*** Opening INFORMATION GIVEN ***

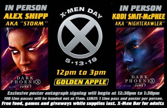 JUST ADDED: Free Limited Edition Poster signing with Alexandra Shipp aka “STORM” and Kodi Smit–mcphee aka “NIGHTCRAWLER” from 12:30-1:30pm only. The first 100 fans that show up to Golden Apple at 11am will get line passes. 1 pass per person. 1 poster per person.
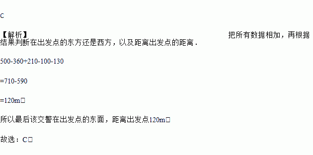 2018年春运期间,某省公安交管部门开展交通安全隐患大排查大整治活动,为减少司机违规驾驶,某交警在违规多发地段沿东西方向巡逻.若规定向东行走为正方向,该交警从出发点开始所走的路程(m)分别为500,-360,210,-100,-130,则最后该交警离出发点( )
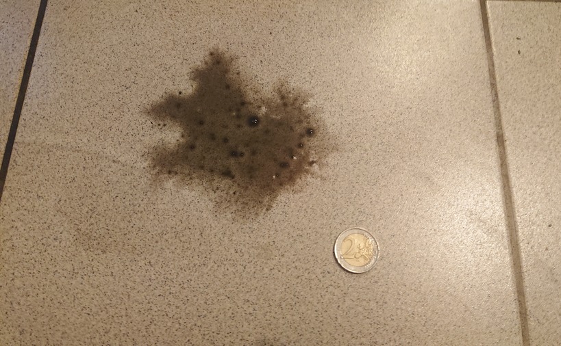 Une auréole de 3 cm ça fait quoi 3 gouttes qui s'étalent sur un ciment. Ouais je n'appelle pas ça une fuite surtout après 3 jours.
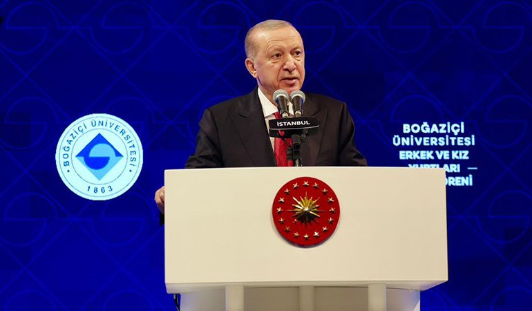 Cumhurbaşkanı Recep Tayyip Erdoğan, Boğaziçi Üniversitesi Erkek ve Kız Yurtları Açılış Töreni’ne katıldı. Güney Kampüs Albert Long Hall’de gerçekleştirilen törende Erdoğan, deprem güvenliği nedeniyle yıkılan ve 2 milyar lira yatırımla inşa edilecek yeni Boğaziçi Üniversitesi Kütüphanesi’nin, 3 milyar liralık modern laboratuvar binasının ve daha büyük konferans salonunun müjdesini verdi.
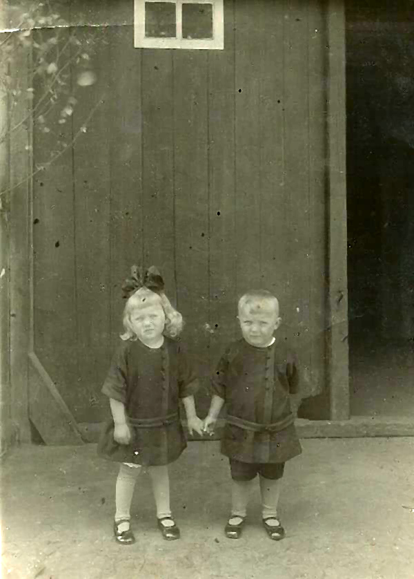 5_1920 er Jahre die Zwillinge Erna und Christian vor der Diele Veröffentlicht 13. Dezember 2023 am 600 × 838 in Hof 20 – Baukelborg Erna und Christian Hering 1920er Jahre
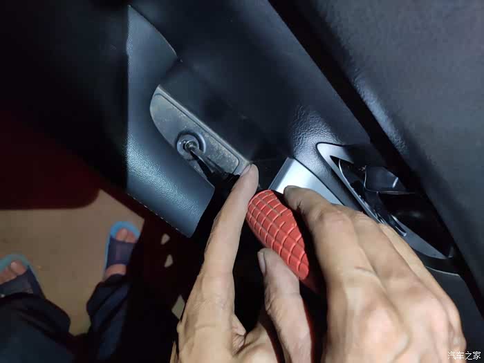 没有螺丝了,用寸劲从上面边缘拆下内饰板

*** Closing INFORMATION GIVEN ***

## DIRECTIONS FOR THIS TASK
Print all the records exactly, minus any images.

## RESULT OF THE TASK
 JUST ADDED: Free Limited Edition Poster signing with Alexandra Shipp aka “STORM” and Kodi Smit–mcphee aka “NIGHTCRAWLER” from 12:30-1:30pm only. The first 100 fans that show up to Golden Apple at 11am will get line passes. 1 pass per person. 1 poster per person.
 2018年春运期间,某省公安交管部门开展交通安全隐患大排查大整治活动,为减少司机违规驾驶,某交警在违规多发地段沿东西方向巡逻.若规定向东行走为正方向,该交警从出发点开始所走的路程(m)分别为500,-360,210,-100,-130,则最后该交警离出发点( )
 Une auréole de 3 cm ça fait quoi 3 gouttes qui s'étalent sur un ciment. Ouais je n'appelle pas ça une fuite surtout après 3 jours.
 Cumhurbaşkanı Recep Tayyip Erdoğan, Boğaziçi Üniversitesi Erkek ve Kız Yurtları Açılış Töreni’ne katıldı. Güney Kampüs Albert Long Hall’de gerçekleştirilen törende Erdoğan, deprem güvenliği nedeniyle yıkılan ve 2 milyar lira yatırımla inşa edilecek yeni Boğaziçi Üniversitesi Kütüphanesi’nin, 3 milyar liralık modern laboratuvar binasının ve daha büyük konferans salonunun müjdesini verdi.
 5_1920 er Jahre die Zwillinge Erna und Christian vor der Diele Veröffentlicht 13. Dezember 2023 am 600 × 838 in Hof 20 – Baukelborg Erna und Christian Hering 1920er Jahre
 没有螺丝了,用寸劲从上面边缘拆下内饰板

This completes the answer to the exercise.